As you know by now, We left Northern California on Memorial Day, heading east toward Garfield, MN to pickup our new motorhome. That took care of the first 1,998.7 miles, which were also the last miles we enjoyed with our previous motorhome, Nessie. After meeting Nessie's new owners and taking possession of Nessie02, we hit the road again. OK, another 5,475.9 miles later, we pulled into our home once again, a little early this year, but still happy to be here. We've enjoyed the company of many friends and family, and have spent an awesome time in the upper southeast. WV and GA were spectacular! Bill and Diane, Debbie and Larry, Ted and Phyllis, Bill and Linda, Chuck and Jill, Bruce and Cara and Mom and my Sister....the list goes on and on. We are so blessed to have so many friends and family members.
On our way home last week we stopped in Southern California to visit my Mom and Sister. They live very near one of the most beautiful cities in the state, Santa Barbara. After thousands of years of occupation by Chumash tribes, Sebastian Vizcaino gave the name Santa Barbara to the ocean channel that runs between a series of off shore islands and the mainland in 1602. The first European residences were Spanish missionaries under Felipe de Neve, who came in 1762 to build a Presidio which fortified the area and prevented expansion by England and Russia. In 1786, on December 4, the tenth of the famous California missions was dedicated by Padre Fermin Lasuen, the successor to Padre Junipero Serra as the second president and founder of the California Franciscan Mission Chain. In 1812, a powerful earthquake destroyed the mission, which was rebuilt in a grander fashion, and stands today as the best preserved of the California missions and an active church. After passing into Mexican hands in 1833, the mission fell bloodlessly to a battalion of American soldiers under John C. Fremont on December 27, 1846, and in 1848 became part of the United States.

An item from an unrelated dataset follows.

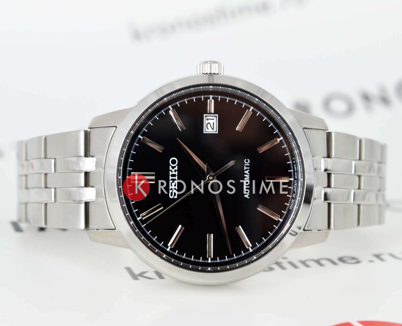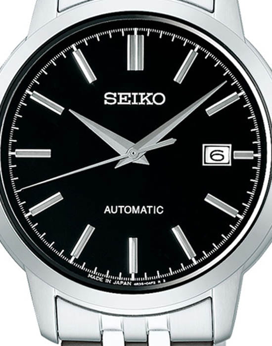 Seiko SCVE061 — сдержанная и надёжная модель с автоматическим механизмом, созданная в лучших традициях японской точности. Корпус из нержавеющей стали отличается строгими линиями и аккуратной отделкой, подчёркивая универсальный мужской стиль. Глубокий чёрный циферблат с лаконичной разметкой выглядит сдержанно и стильно, а окошко даты на «3 часах» делает композицию практичной и завершённой. В основе часов — проверенный калибр 4R35 с автоподзаводом, запасом хода до 41 часа и функцией остановки секундной стрелки. Циферблат защищён прочным минеральным стекломМинеральное стеклоМинеральное стекло представляет собой искусственно выращенный минерал кварца. Такое стекло отличается особой устойчивостью к повреждениям и царапинам. Уступает по некоторым качествам сапфировому стеклу., устойчивым к механическим повреждениям и царапинам. Стальные стрелки и метки обеспечивают хорошую читаемость на тёмном фоне. Часы надёжно сидят на запястье благодаря браслету из нержавеющей стали с удобной раскладной застёжкойРаскладная застёжкаТакой тип застёжки используется только на браслетах из металла. Она никогда не раскрывается полностью, происходит разделение на 2 и более частей. Раскладывающая застёжка снизит вероятность потери часов к минимуму.. Водонепроницаемость до 100 метров делает модель подходящей не только для повседневной носки, но и для активного образа жизни. SCVE061 — это гармоничное сочетание классического дизайна, точности и практичности на каждый день.

Santa Barbara enjoys a Mediterranean climate and is known as "The American Riviera", which brings a billion dollars of tourist money into the city each year. With exciting fiestas held at various times during the year, a vibrant art and performing culture, and the world-renowned surfing available in the area, Santa Barbara remains a diverse and lively place to live and visit. Surfing at The Point or at Rincon have an especially nostalgic meaning for Donna and I, since that's where we spent so many days of those "Endless Summer(s)".
California doesn't have as extensive a historical past as the eastern US, but there are nonetheless many interesting historical sites to visit in Santa Barbara, which has preserved and cherished its Spanish and Mexican heritage. The Rafael Gonzalez House is an adobe structure that served as the residence of the alcalde of Santa Barbara in the 1820's. A giant Moreton Bay Fig tree is 80 feet tall and has one of the largest total shaded areas of any tree in North America. The Covarrubias Adobe was built in 1817, and the Hastings Adobe was built in 1854, partially from material recovered from the wreck of the S.S. Winfield Scott. Of course, the offshore Channel Islands Marine Santuary and National Park should be on a visitors list.

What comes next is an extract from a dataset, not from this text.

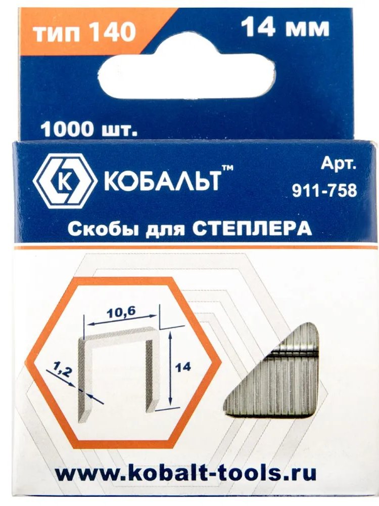- Длина скобы: 14 мм — обеспечивает глубокое и прочное крепление.

We weren't able to visit all of these points of interest, partly due to the fact that we had done so many years ago, but also because my 98-year-old Mother uses a cane for walking and didn't want to "slow us down". We did, however, visit the Santa Barbara Mission because it was easy to get to.
Mom and I had a little fun with the "Friars" outside the Visitors Center!
The floor tiles are original to the very first Mission, almost 200 years ago! They show signs of wear and include some pebbles that were used in the clay/mud mix, but now, with modern care techniques, they are only moderately worn. Amazing.
Sis, Mom, and I took a break along a path through the courtyard.
Near the front of the Mission, a bent Palm tree and a unique cactus represent Southern California!
Leaving the Mission behind, we drove a short distance to the Pacific Ocean.
Leaving SoCal, we crossed over Grapevine Pass into the Great Central Valley of California. These Golden hills comprise most of the Tejon Ranch Company. Pronounced Tey-hone, the ranch (listed on the NYSE) is based in Lebec, California. It is one of the largest private landowners in California, having been incorporated in 1936 to organize the ownership of a large tract of land that was consolidated from four Mexican land grants acquired in the 1850's and 60's by ranch founder Edward Fitzgerald Beale. The company now owns over 270,000 acres in the southern San Joaquin Valley, Tehachapi mountain range, and the adjacent Antelope Valley. It is the largest contiguous piece of private property in the state. Tejon Ranch's agricultural operation primarily grows almonds, pistachios, and wine grapes, along with some alfalfa and the occasional row crop. Cattle leases cover about 250,000 acres, and up to 12,000head of cattle can be found grazing on the ranch.
So ends another summer trip in the United States of America. We will enjoy spending a bit of time here in Northern California, with the hope of hiding the road again in January, 2019, if the Good Lord is willing and the Creeks don't Rise!
Best to all and have a Happy Thanksgiving and a Wonderful and Merry Christmas!